“This time, it’s personal!”
“Masuhiro’s Escape – Part 3”
INCONSISTENCY: Two pages back, Suzuka refers to Yorikiro only as “Samurai Boy” but here Masuhiro seems aware that they are hunting Yorikiro Wataro.
Right, he gets his info from the bandits earlier in the book. Her phrase merely supports it.
Yeah, I was reading backwards through the pages for an alternative view/experience/perspective that can sometimes help to catch things.
Need a comma between “Sorry” and “Masuhiro,” and “Good night” is two words.
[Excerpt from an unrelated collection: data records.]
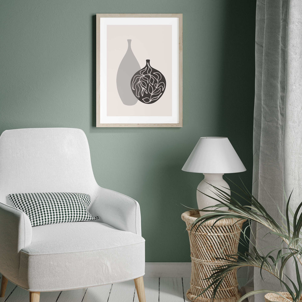 The composition exudes a harmonious balance. While the grey vase stands as a testament to minimalistic beauty, the adorned black vase adds depth and intrigue, pulling the viewer's gaze with its detailed leaf patterns. Together, they conjure an ambiance of modernity blended with a touch of nature's charm.
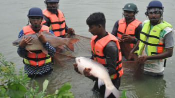 সাকলাইনের খামারের জেলেরা কোমর পানিতে নেমে বিশাল বিশাল মাছ ধরছেন। প্রত্যেকের মাথায় থাকে মোটরসাইকেলের শক্তপোক্ত হেলমেট, আর গায়ে কমলা রঙের সেফটি জ্যাকেট।
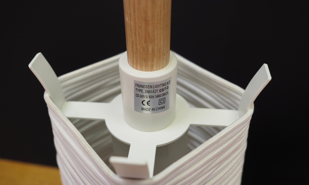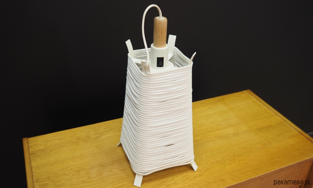 Wykonana z metalu, owinięta kablem w oplocie w kolorze białym.
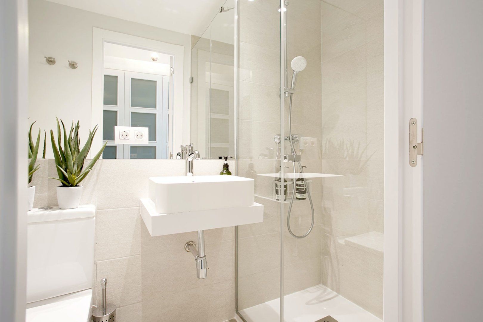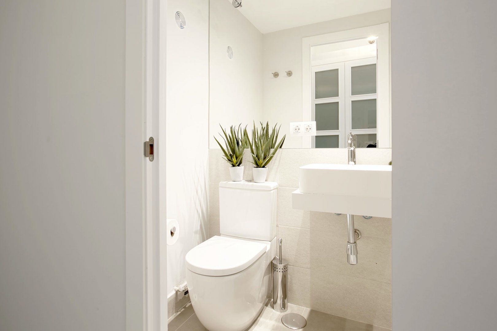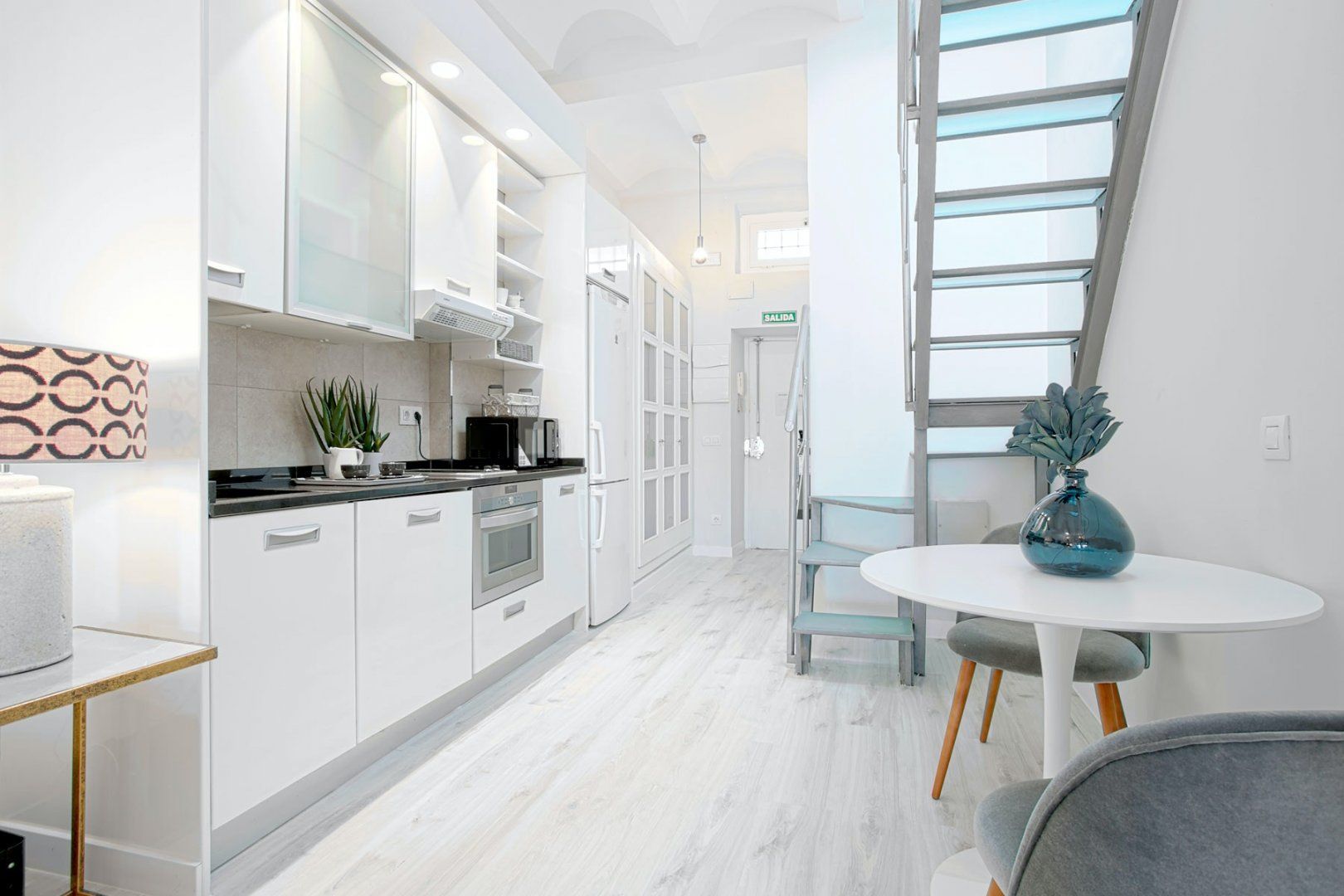 Inside, elegant white interiors set a striking first impression in the open-plan living area, with pops of green in the houseplants and a glossy, modern finish to the furnishings. The bedroom is a chic retreat with a small balcony giving way to Plaza Mayor views, but for truly outstanding views, we recommend climbing the stairs to the private rooftop terrace.
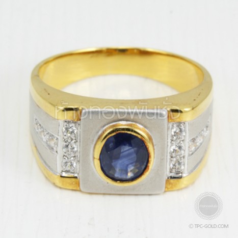 แหวนไพลินข้างเพชรรัสเซีย ทองคำ 90% ชุบสีสองกษัตริย์ (ทรงผู้ชาย)
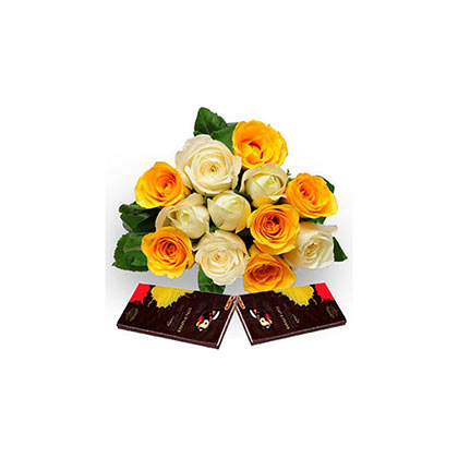 SKU: EXDFNP89GALA tender bunch of 6 white and 6 yellow roses specially for the person you care for the most. These sweet roses are efficiently bunched in a brusque cellophane paper with a yellow ribbon. What`s more? Two 80 gms Cadbury Bournville, a perfect gift for any occasion. Gift this wonderful product from Ferns N Petals to your near and dear ones...
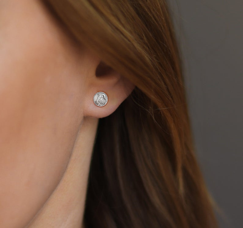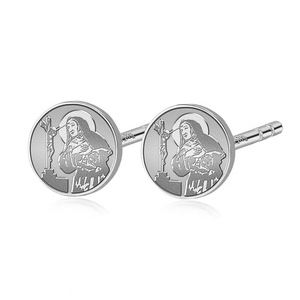 This pair of high polished saint earrings is available in Solid .925 Sterling Silver, Gold Plated, or Solid 14k Gold
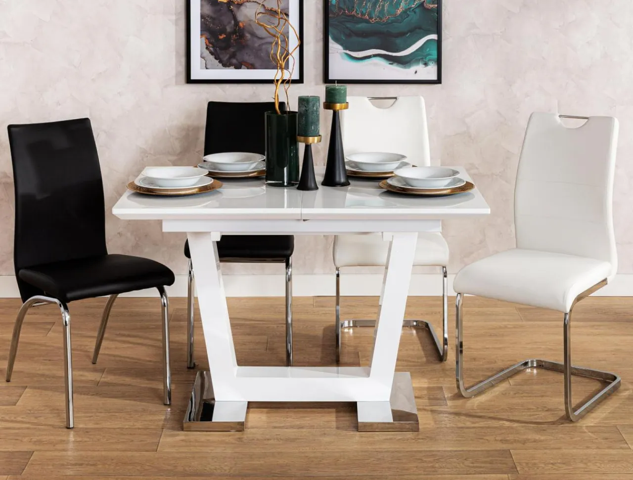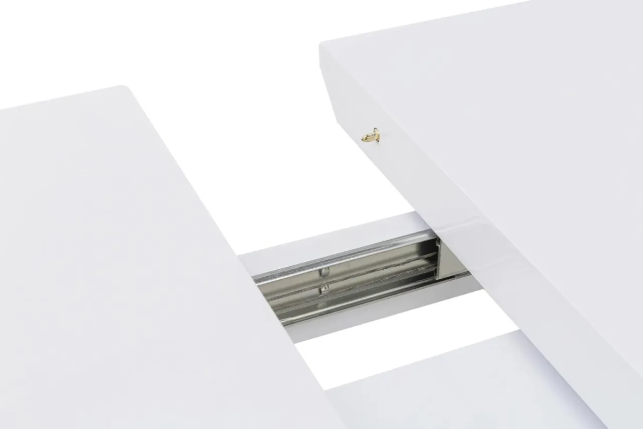 Dzięki metalowym prowadnicom stół ETTO rozkłada się i składa w bardzo prosty sposób. Wkładka o długości 40 cm znajduje się pod blatem głównym. Pełne rozłożenie stołu zwiększa jego długość do 160 cm.
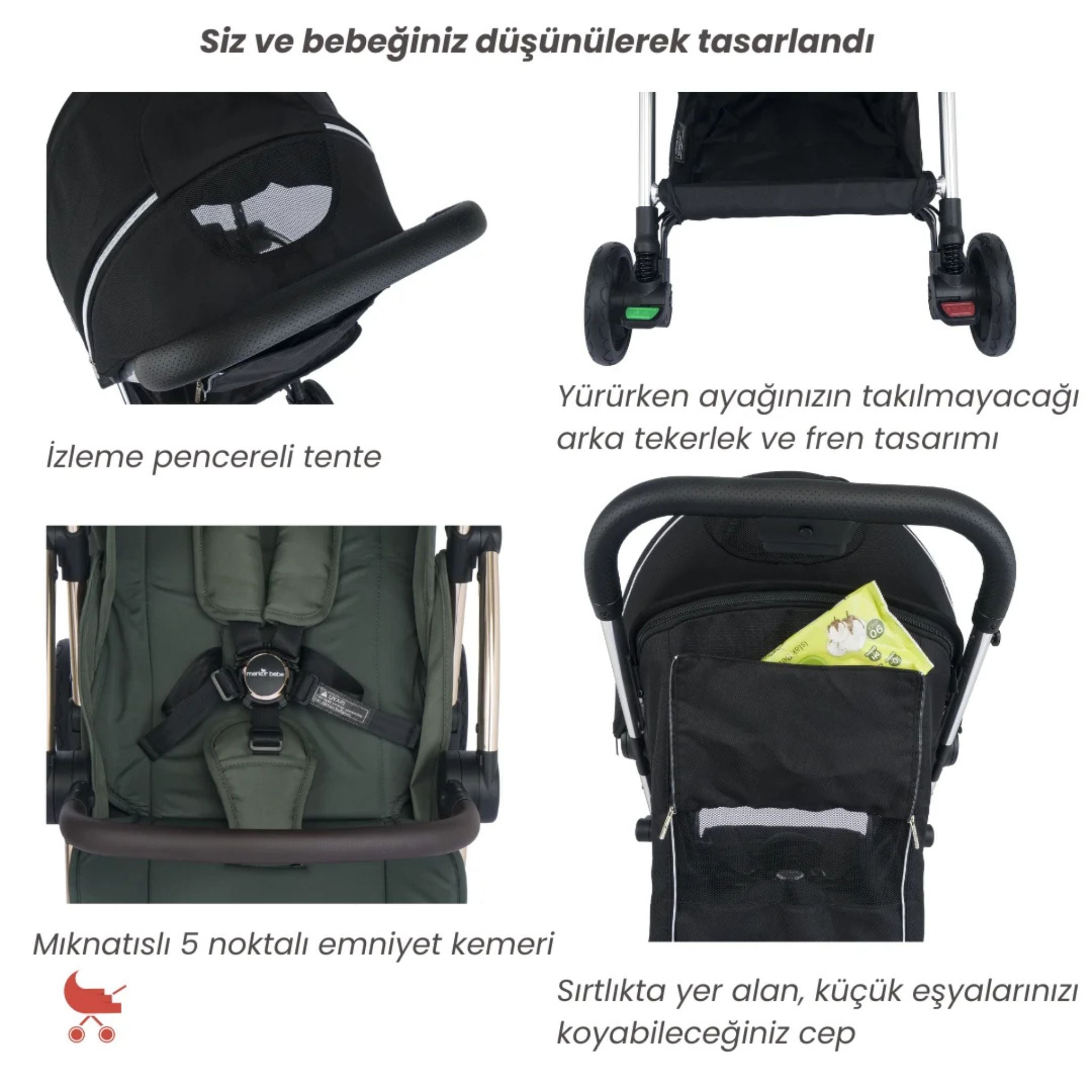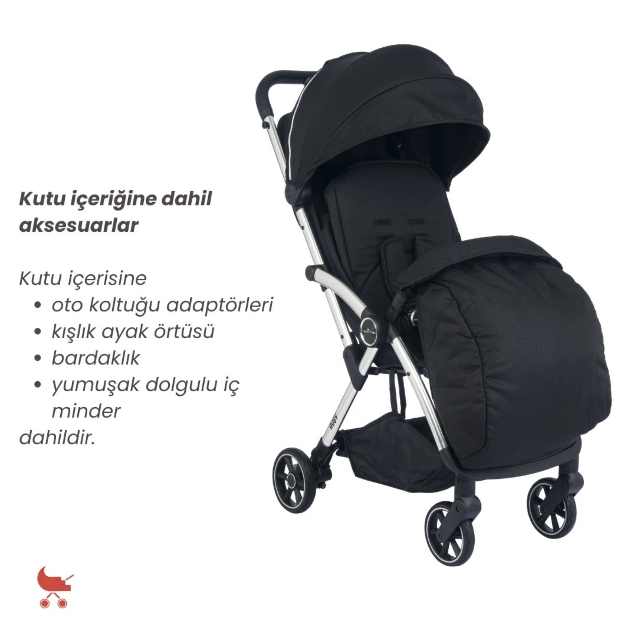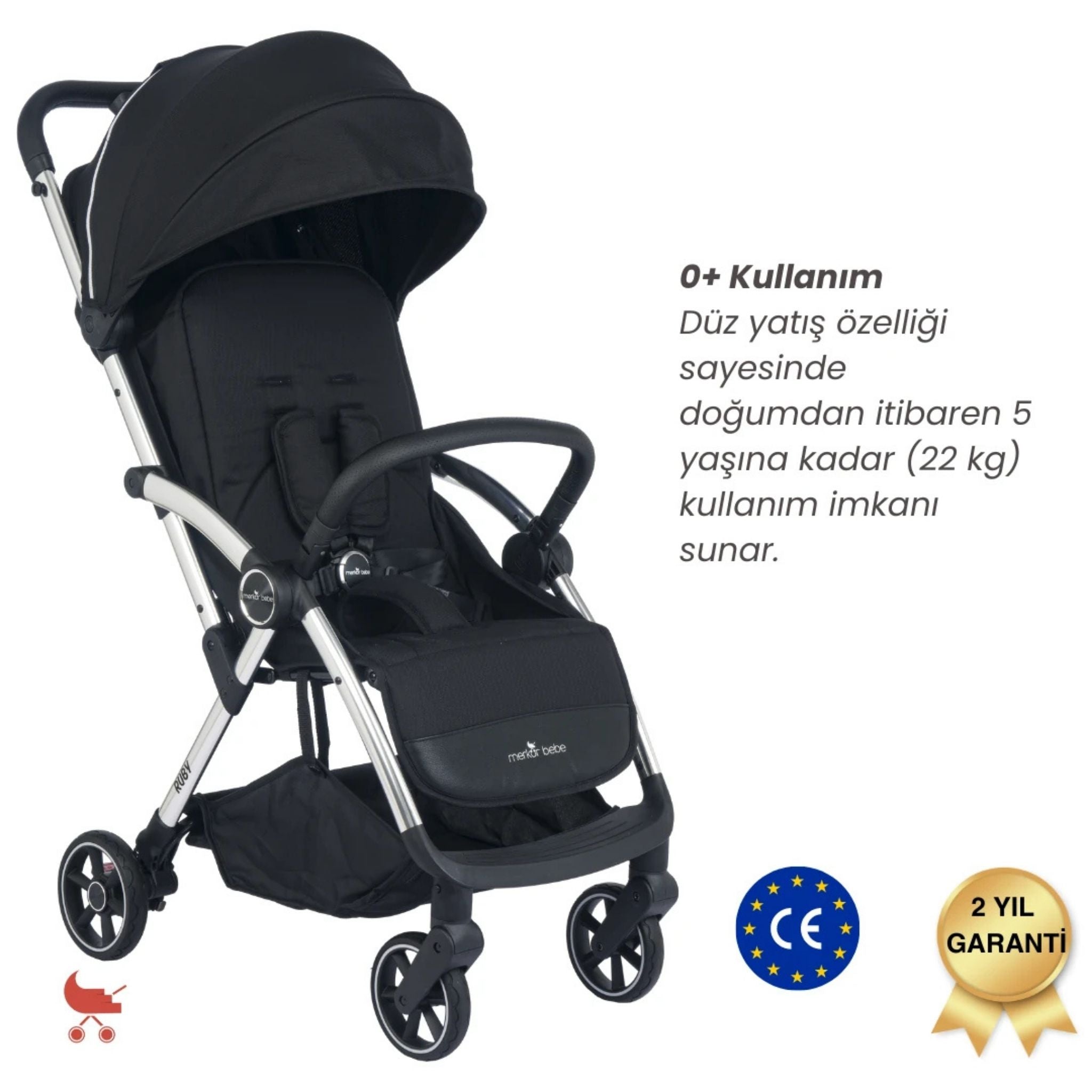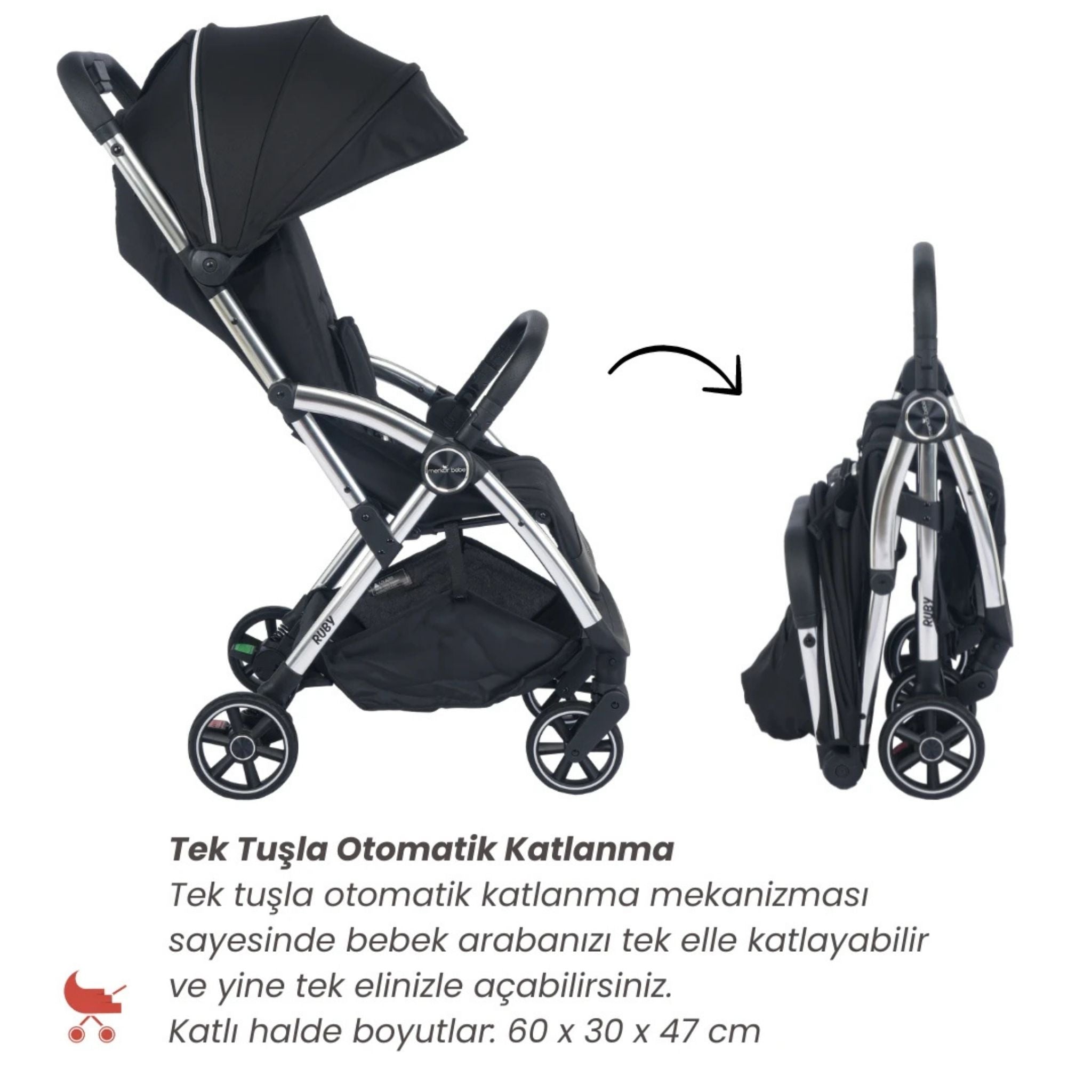 Merkür Bebe Ruby kabin boy bebek arabası, doğumdan itibaren 22 kg'a kadar kullanım imkânı sunan, kompakt tasarımı ve pratik fonksiyonları ile modern ebeveynlerin ihtiyaçlarına eksiksiz şekilde cevap verir. Tek tuşla otomatik katlanabilen yapısı sayesinde en hızlı ve kolay katlanabilen bebek arabalarından biridir. Ruby, şık tasarımı, geniş aksesuar içeriği ve yüksek kalite malzemesi ile hem konfor hem de işlevsellik sunar. Merkür Bebe Ruby kabin boy bebek arabası; hafifliği ve fonksiyonel detaylarıyla hem günlük kullanım hem de seyahatler için mükemmel bir tercihtir. Modern tasarımı ve kolay taşınabilir yapısıyla her an yanınızda.
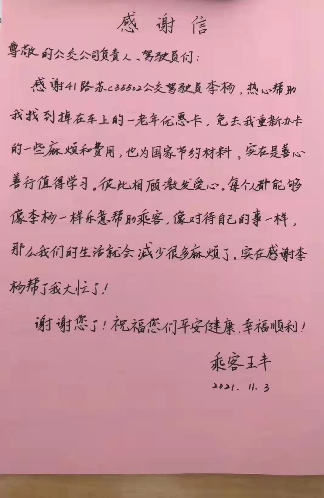 新區(qū)公司駕駛員李楊駕駛41路蘇C35502號車,行駛至銀湖小區(qū)站臺時,乘客王女士向其求助。王女士告訴駕駛員,早晨10點20分左右,她乘坐41路公交車時,不慎將老年優(yōu)惠卡丟在了車上,希望李楊幫她尋找一下。李楊留下了王女士的電話,待車輛到達建筑學(xué)院后,李楊立即去調(diào)度室尋找,根據(jù)王女士提供的乘車時間很快鎖定了車輛,經(jīng)詢問,王女士的老年優(yōu)惠卡已被駕駛員交到了調(diào)度室妥善保管。11月3日下午,王女士取回了失而復(fù)得的老年優(yōu)惠卡,并送來感謝信。
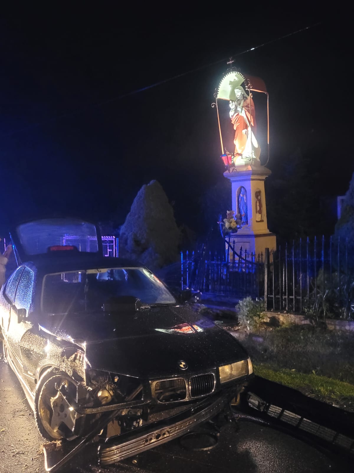 W niedzielę 8 czerwca 2025 r. kilkanaście minut po północy służby ratownicze zostały zadysponowane do wypadku w Szczepanowie. Na ul. ks. Stanisława Stojałowskiego kierujący samochodem osobowym marki BMW stracił panowanie nad pojazdem i uderzył w ogrodzenie posesji znajdujące się tuż przed figurą Pana Jezusa Miłosiernego.
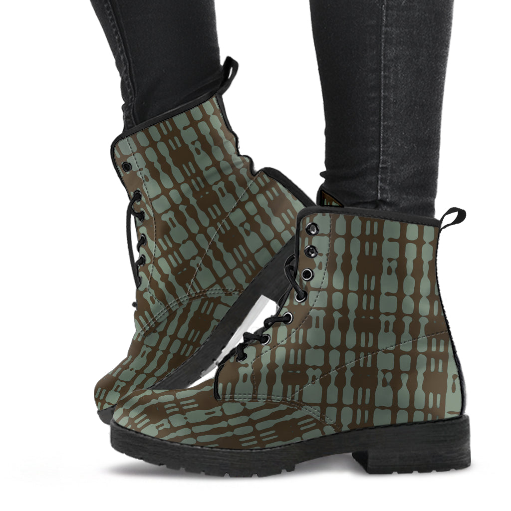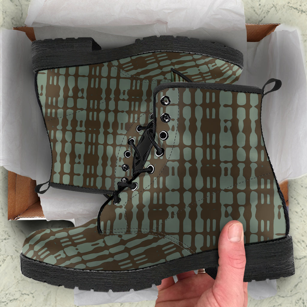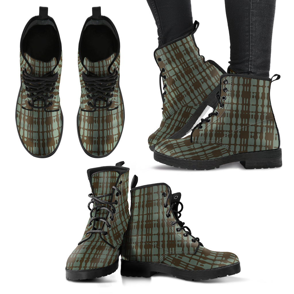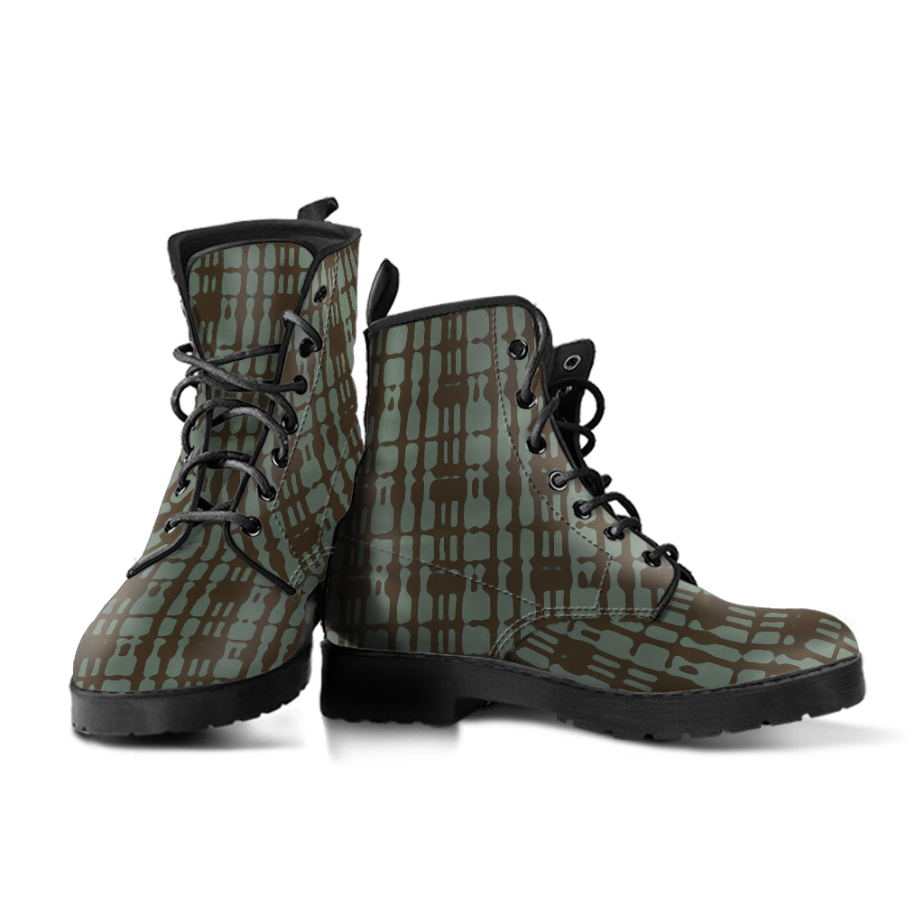 Mint Chocolate Plaid Leather Boots (Vegan)
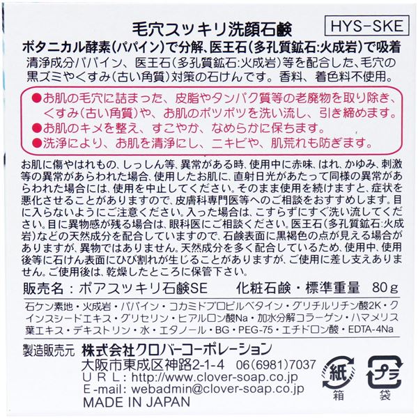 毛穴スッキリ洗顔石鹸 HYS-SKE 80g商品区分:化粧品●皮脂よごれを洗浄し、毛穴をスッキリおそうじ!●ボタニカル酵素(パパイン)で分解、医王石(多孔質鉱石:火成岩)で吸着。

Fixed! While I was at it, I switched out the “good night”, as it felt rather redundant.
GRAMMAR SNOBS. EVERYWHERE.
If he keeps escaping like this he’ll build up a tolerance to the knockout drugs, then they won’t be able to stop him!
Hey, it’s a plan! …of sorts.
That or the “distraction” will stop him. Perverted old man
Well, at least he won’t have any problem with material for his pleasant dreams.
One would think he would learn that sticking around after escaping his cell equals getting recaptured. Somehow, his learning curve seems fairly horizontal…
one day masuhiro… one day, your time will come
But that day is not to-day. 😜
After being knocked out by those two, who wouldn’t have a pleasant dream?😅
You know, for a very straightforward Samurai/Daimyo, he’s pretty good at being sneaky.